**STORED DATA:**
┄┄┄┄┄┄┄┄┄┄

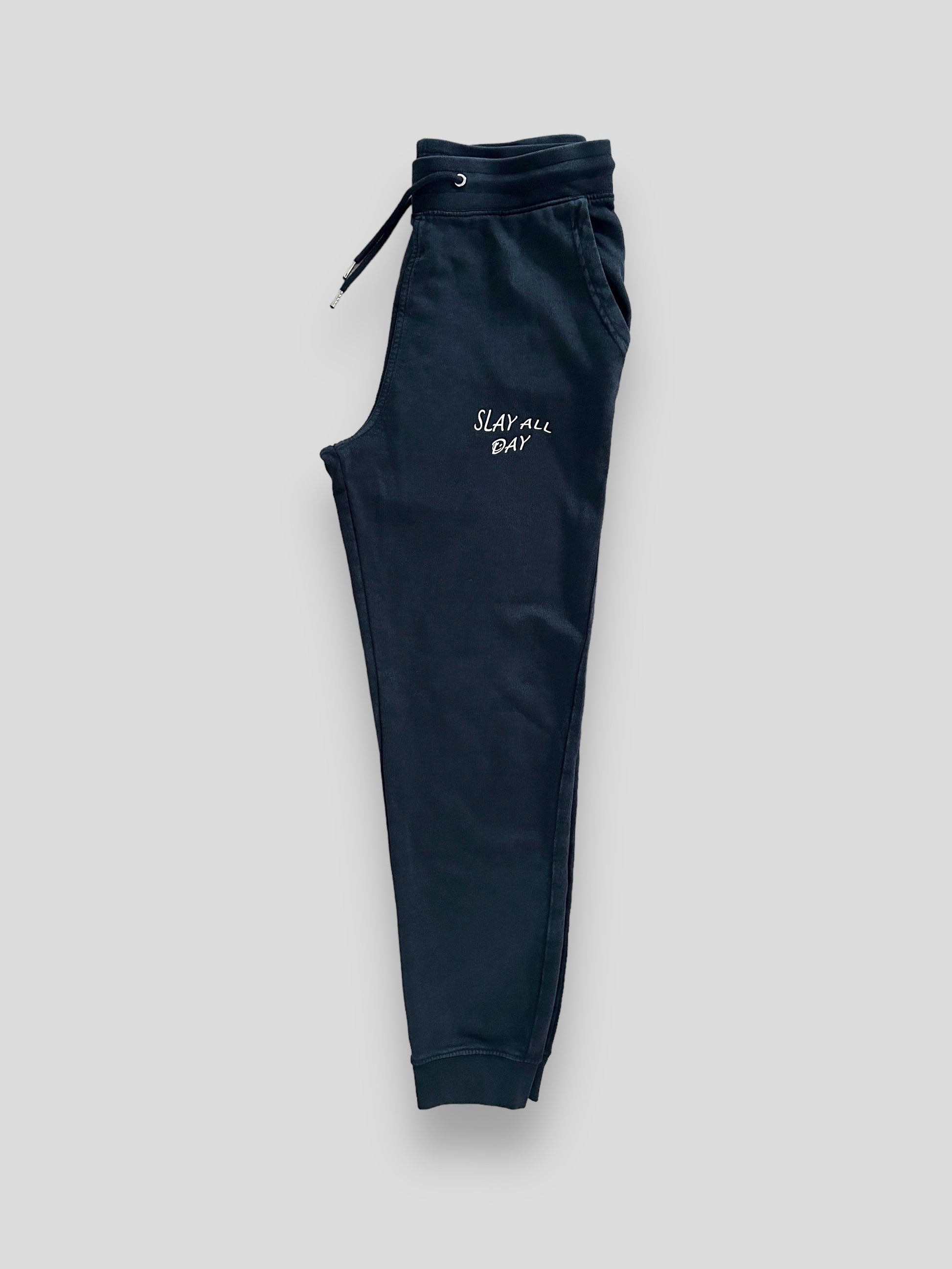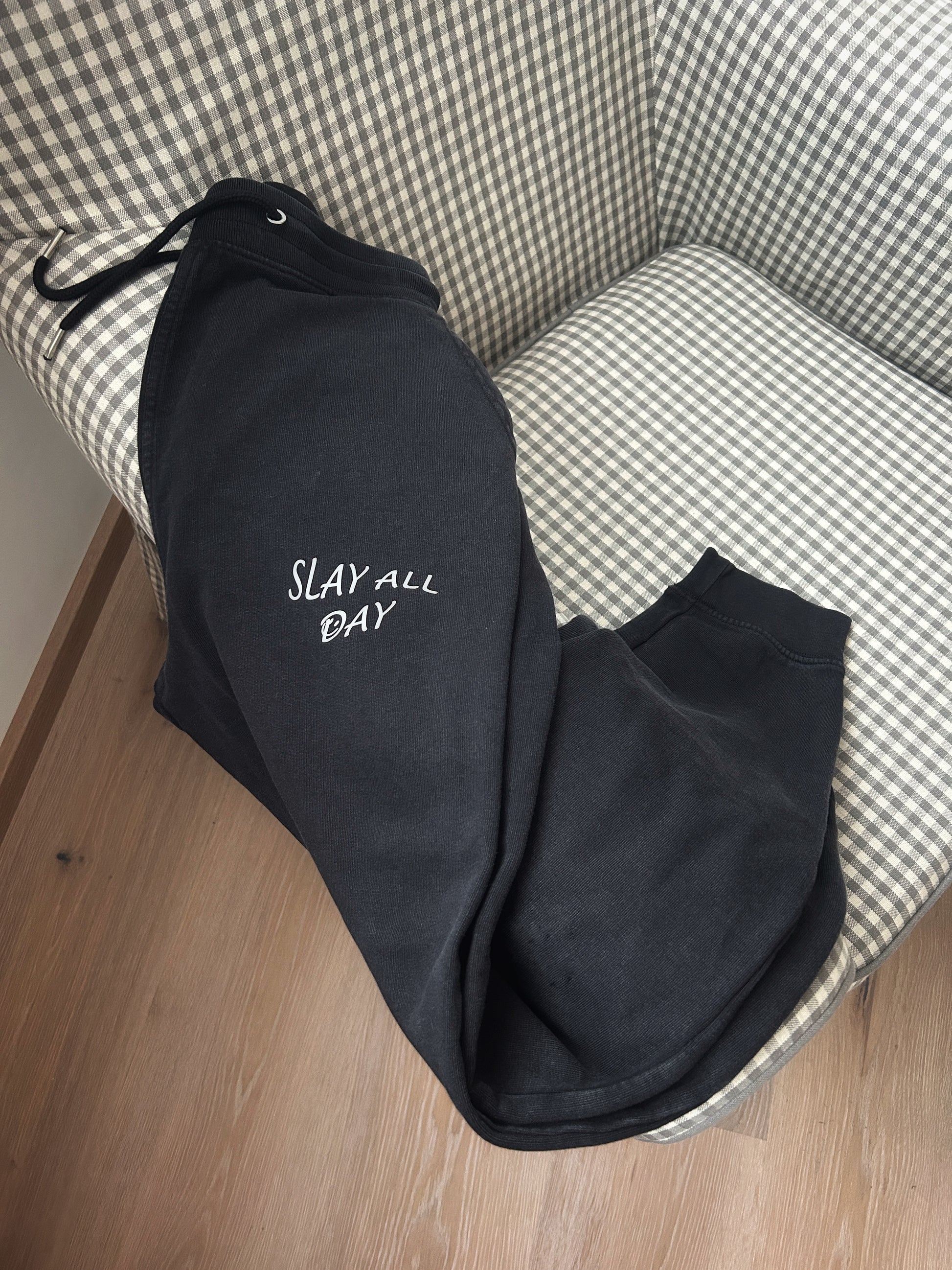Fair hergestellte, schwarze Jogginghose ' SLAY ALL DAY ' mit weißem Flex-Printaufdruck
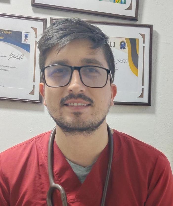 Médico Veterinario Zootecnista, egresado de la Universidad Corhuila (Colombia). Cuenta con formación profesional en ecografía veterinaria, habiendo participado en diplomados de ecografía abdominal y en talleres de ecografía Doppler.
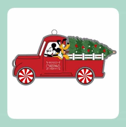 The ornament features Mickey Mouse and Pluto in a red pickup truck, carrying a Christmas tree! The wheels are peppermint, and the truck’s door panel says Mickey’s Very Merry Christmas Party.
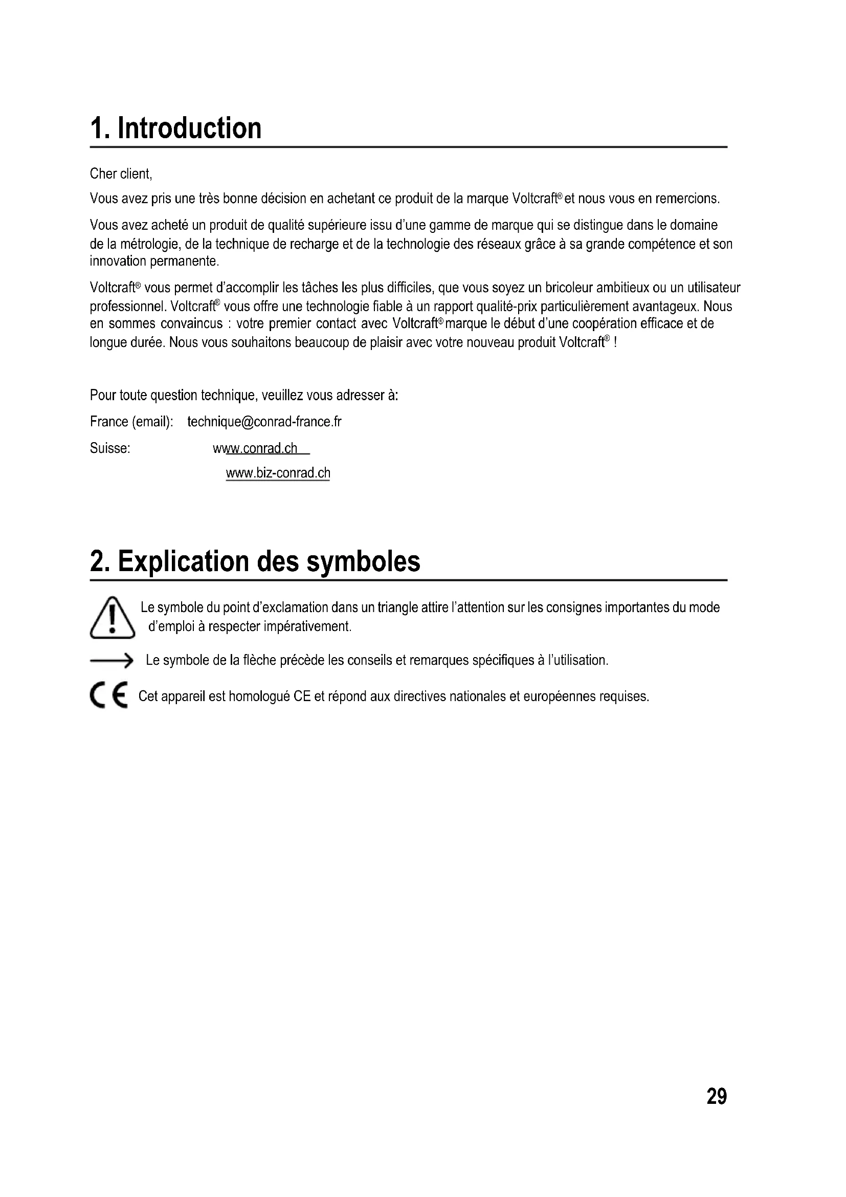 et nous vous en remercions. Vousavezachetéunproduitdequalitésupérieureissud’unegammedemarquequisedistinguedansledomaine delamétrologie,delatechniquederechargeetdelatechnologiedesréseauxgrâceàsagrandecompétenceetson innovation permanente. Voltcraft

┄┄┄┄┄┄┄┄┄┄

**WORK REQUIRED:** Please copy out each line above exactly as written, but not the pictures.

**RESPONSE TO THIS TASK:**
Fair hergestellte, schwarze Jogginghose ' SLAY ALL DAY ' mit weißem Flex-Printaufdruck
 Médico Veterinario Zootecnista, egresado de la Universidad Corhuila (Colombia). Cuenta con formación profesional en ecografía veterinaria, habiendo participado en diplomados de ecografía abdominal y en talleres de ecografía Doppler.
 The ornament features Mickey Mouse and Pluto in a red pickup truck, carrying a Christmas tree! The wheels are peppermint, and the truck’s door panel says Mickey’s Very Merry Christmas Party.
 et nous vous en remercions. Vousavezachetéunproduitdequalitésupérieureissud’unegammedemarquequisedistinguedansledomaine delamétrologie,delatechniquederechargeetdelatechnologiedesréseauxgrâceàsagrandecompétenceetson innovation permanente. Voltcraft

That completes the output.